Corrían los años 60 y en la gris Andalucía franquista se desarrolló un movimiento cultural sin precedentes. La sed de flamenco por parte de los extranjeros era insaciable y la coyuntura social, idónea para sus intereses. La extrema pobreza de la época permitía a los forasteros mantener un buen nivel de vida “al cambio” y preocuparse solo de satisfacer sus inquietudes culturales, mientras obligaba a los maltrechos oriundos a regalarle el oído al primer interesado que rondase por allí por no más cuatro duros, ya fuese de Estados Unidos, de Japón o de la Conchinchina. Para colmo, estaba Diego.

Diego del Gastor (Arriate 1908-1973) fue la piedra angular sobre la que giró aquel interesantísimo intercambio social. Su toque genial, único, sobrado de talento y compás regalaba el duende a manos llenas a todos los aficionados que tuviesen la suerte de conocerlo. Además, su antipatía por el flamenco comercial lo llevó a despreciar cualquier propuesta de grabación, por lo que la única manera de disfrutarlo era desplazándose a Morón de la Frontera.

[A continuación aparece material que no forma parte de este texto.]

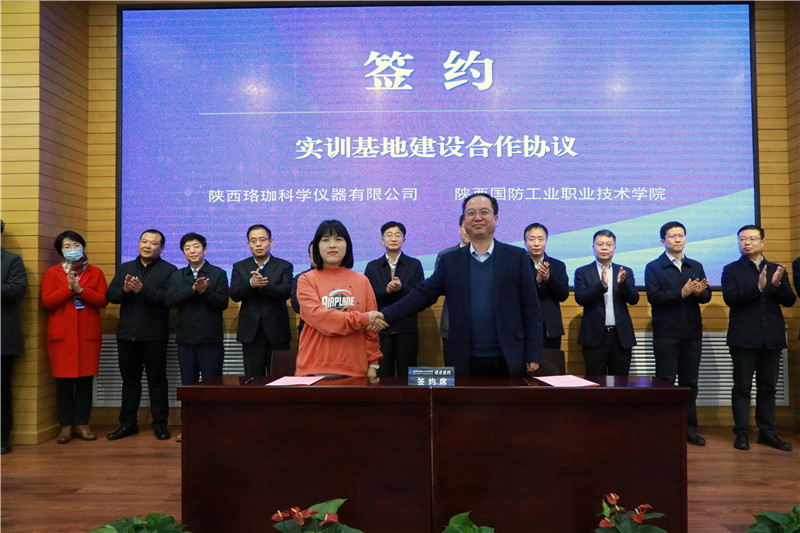 陕西珞珈科学仪器有限公司总经理刘晓、18新利苹果客户端党委副书记杨聪签订实训基地建设合作协议
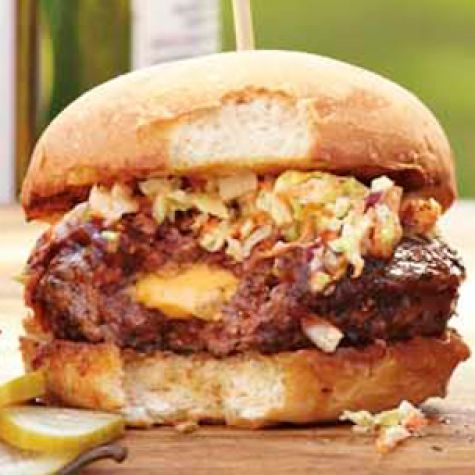 A sweet, tangy and smoky KC barbecue sauce plus chopped coleslaw lend a Midwestern flair to these burgers, which are each stuffed with a slice of American cheese.
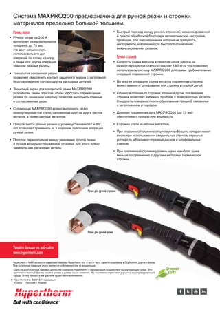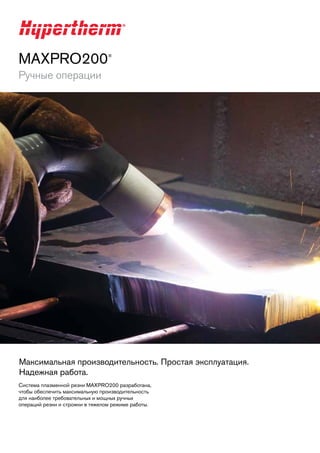 Система плазменной резки maxpro200 предназначена для ручной резки и строжки материалов большой толщины, обеспечивая высокую производительность и надежную работу. Устройство позволяет быстро переключаться между различными режимами обработки и отлично подходит для операций слома и сноса. Кроме того, maxpro200 минимизирует воздействие на окружающую среду, что является одним из ключевых приоритетов компании Hypertherm.
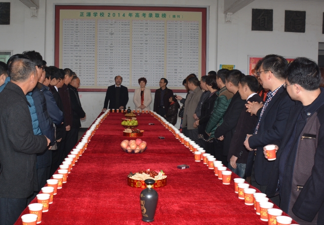 团拜会由学校办公室主任兼高二年级主任朱明芝主持,罗校长、梁老师和小学部主任刘德、初中部主任曾良古、党支部书记(同时作为高中部代表)毛小波以及高三年级主任徐文森、教务处主任王大昌、后勤处主任谷荣亮先后致拜年辞,小学部女老师们集体拜年,还有高三年级学生代表罗林涛也在会上祝福老师新年愉快、工作顺利。
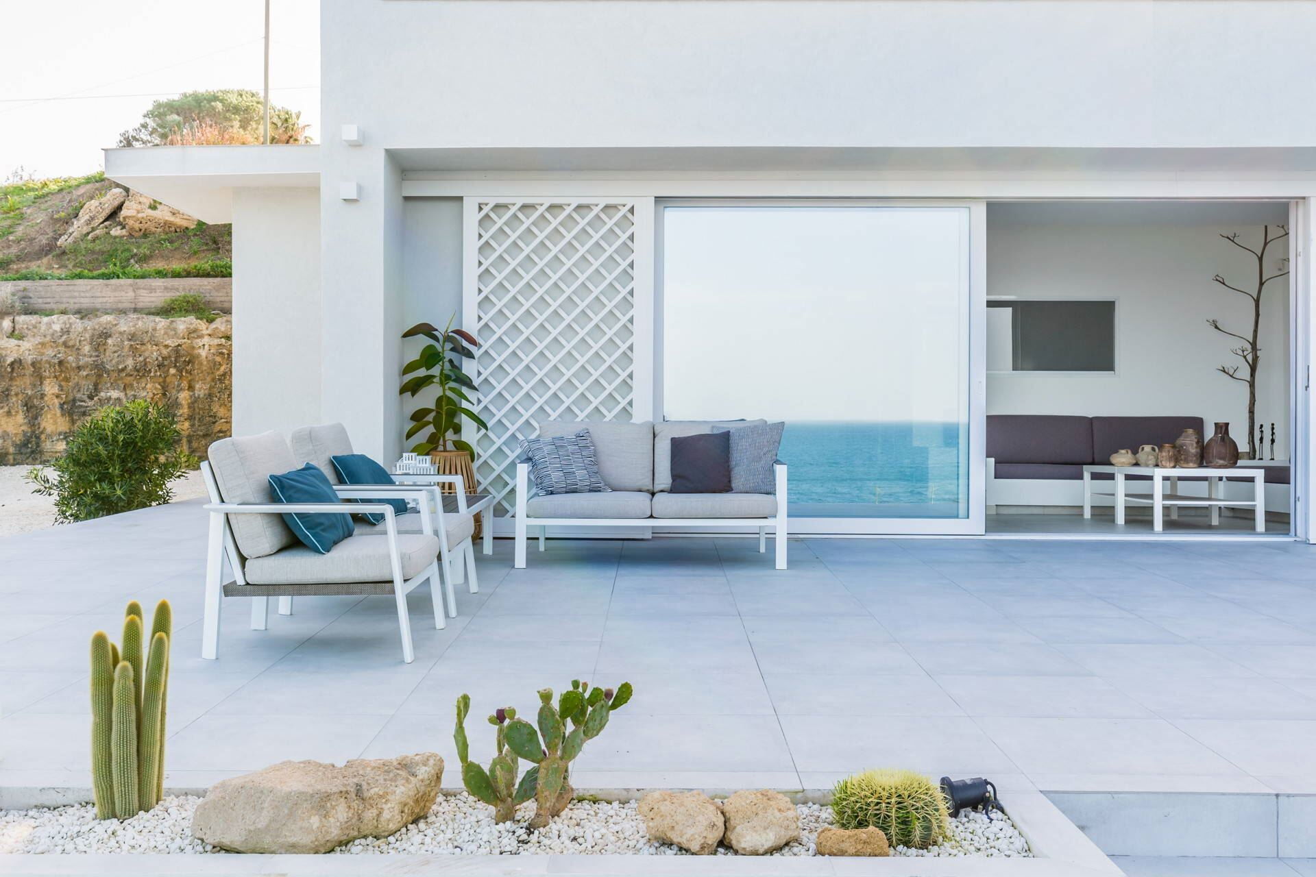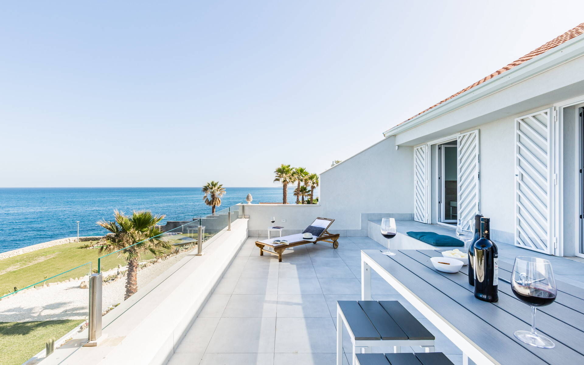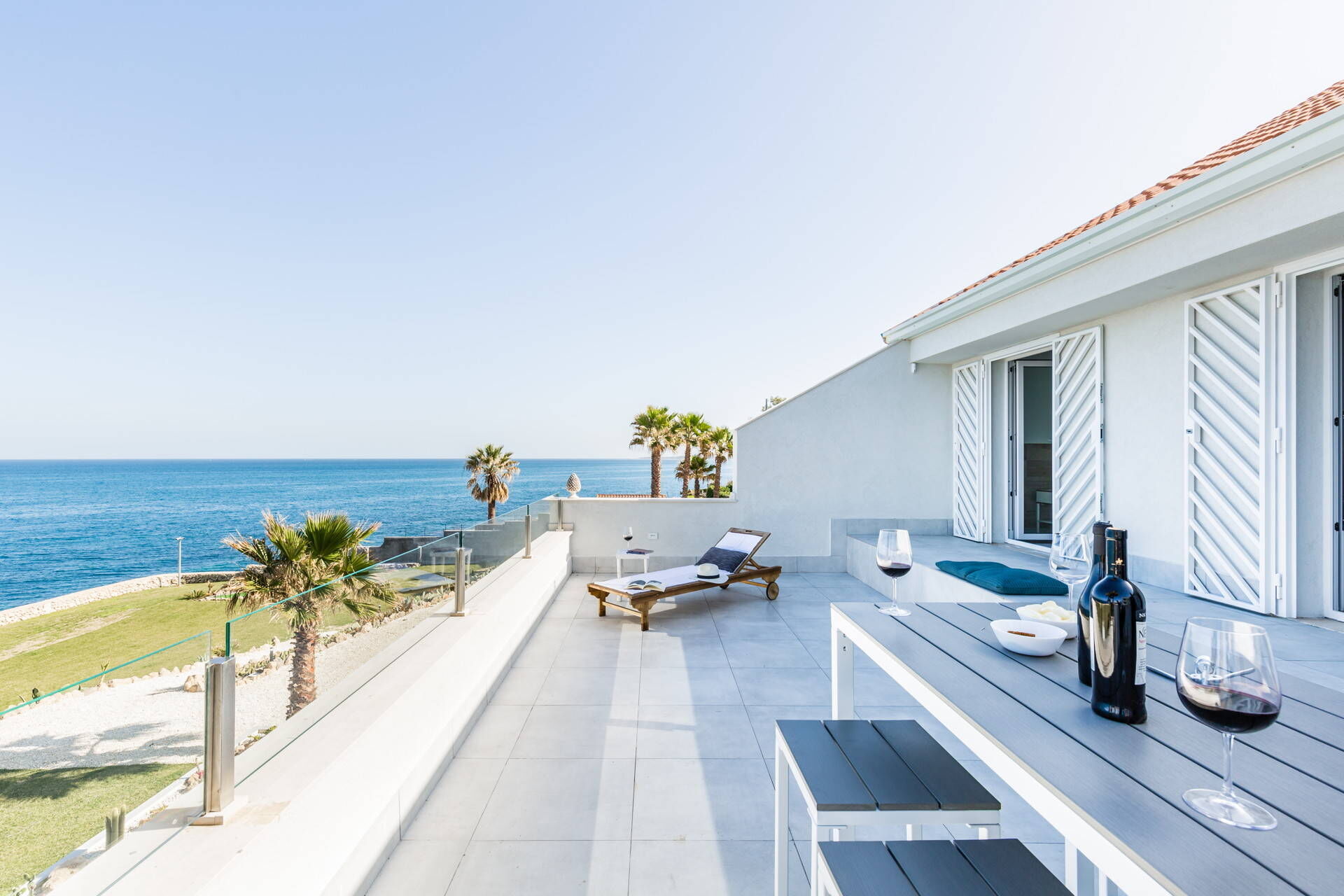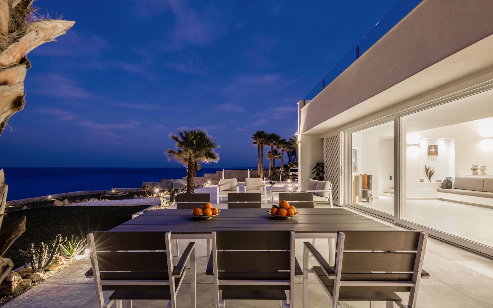 The terrace overlooking the sea is the perfect place for al fresco dining and makes for a beautiful and intimate setting as the sun sets into the Sicilian sea.
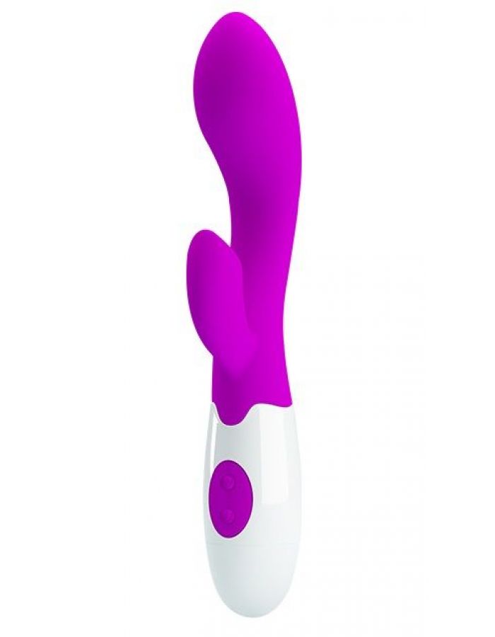 Силиконовый Brighty от Baile с изогнутой головкой для интенсивной стимуляции точки G и дальних уголков вагины. Вибрации, производимые двумя моторами, распространяются по всему стволу и клиторальному стимулятору. Удобные кнопки переключения. 30 функций вибрации на выбор. Рабочая длина - 10,2 см. Длина клиторального отростка - 4,8 см., диаметр - 1,8 см.

Estas circunstancias hicieron que los patios, cortijos y calles de la zona fuesen testigos de multitud de juergas y reuniones, todas ellas financiadas por extranjeros, en las que personas de las regiones más lejanas se hermanaron con el flamenco como telón de fondo. La Fernanda y la Bernarda, Joselero y Manolito de María fueron excelentes maestros de ceremonia, siempre acompañados por Diego del Gastor, “Lord and Master” del toque de Morón.

Producto de esa mezcla tan heterogénea nace María la Marrurra, Moreen Silver . Esta singular estadounidense se convirtió en el ojito derecho de  Juan Talega y Melchor de Mairena, llegando a aparecer incluso en un capítulo de Rito y Geografía del Cante. Su amor por el “flamenco puro” pudo con todas las fronteras.

Ya veis, eran los años 70 y el flamenco ya era universal. Qué pena que tardásemos tanto tiempo en descubrirlo.